Structurally, our legal system has, on the whole, assimilated the constitutional
changes with somewhat surprising ease and equanimity. The reason for this relatively
untroubled transition lies in the innate flexibility of the inherited legal
principles governing medical malpractice. Liberated from the strictures of Roman
casuistry by the quintessentially pragmatic Roman-Dutch jurists, the ancestor
of modern South African malpractice law acquired a remarkably robust adaptability,
and it is this malleable quality which allowed the changes brought about
by the new Constitutional order to be accommodated.

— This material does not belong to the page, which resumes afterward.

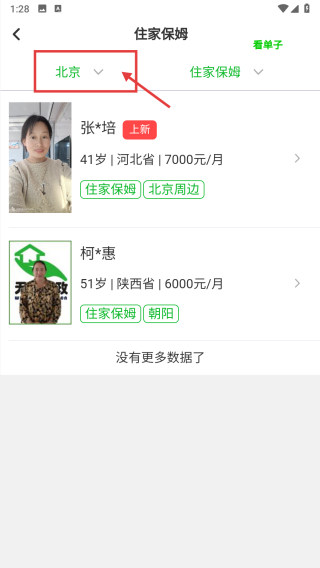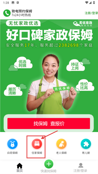 1、打開家政服務(wù)類APP首頁,點擊住家保姆選項,進入住家保姆頁面。

But to say that the inherent structure of our common law has demonstrated
a commendable ability to accommodate profound change is not to say that the
law has met its objective. The purpose of the private law is, in a narrow sense,
to regulate relationships between individuals by allowing a person to claim
damages negligently or intentionally caused by another in civil proceedings. 9
3
Proculus Redivivus ‘South Africa at the Crossroads or, What is the Common Law?’(1965) 82
SALJ 17 at 24.
4
G Howarth et al ‘The importance of comprehensive protection in today’s healthcare environment’
S Afr Med J 2013; 103(7): 453–454.
5
A phrase used by Alfred Cockrell in ‘Rainbow Jurisprudence’, (1996) 12 SAJHR at 1. The article
remains as relevant as when it was first published.
6
The Interim Constitution, Act 200 of 1993; the Constitution of the Republic of South Africa,
1996.
7
The delict known by the Romans as the damnum iniuria datum, which is now (in extended
form) the mainstay of the modern South African delictual action for patrimonial loss suffered
through injury to person or property, was created by the lex Aquilia in 287 bc; the
delict of iniuria, which today affords a remedy for injury to personality, enjoys an even more
ancient heritage, having been enacted in the Twelve Tables in approximately 450 bc.
8
Constitution of the Republic of South Africa Act 200 of 1993.
9
McKerron The Law of Delict 7 ed (Juta, 1971) 1; Neethling et al Law of Delict 6 ed (LexisNexis
2010) 3; Boberg The Law of Delict vol 1 Aquilian Liability 2 imp (Juta 1984) at 1–3.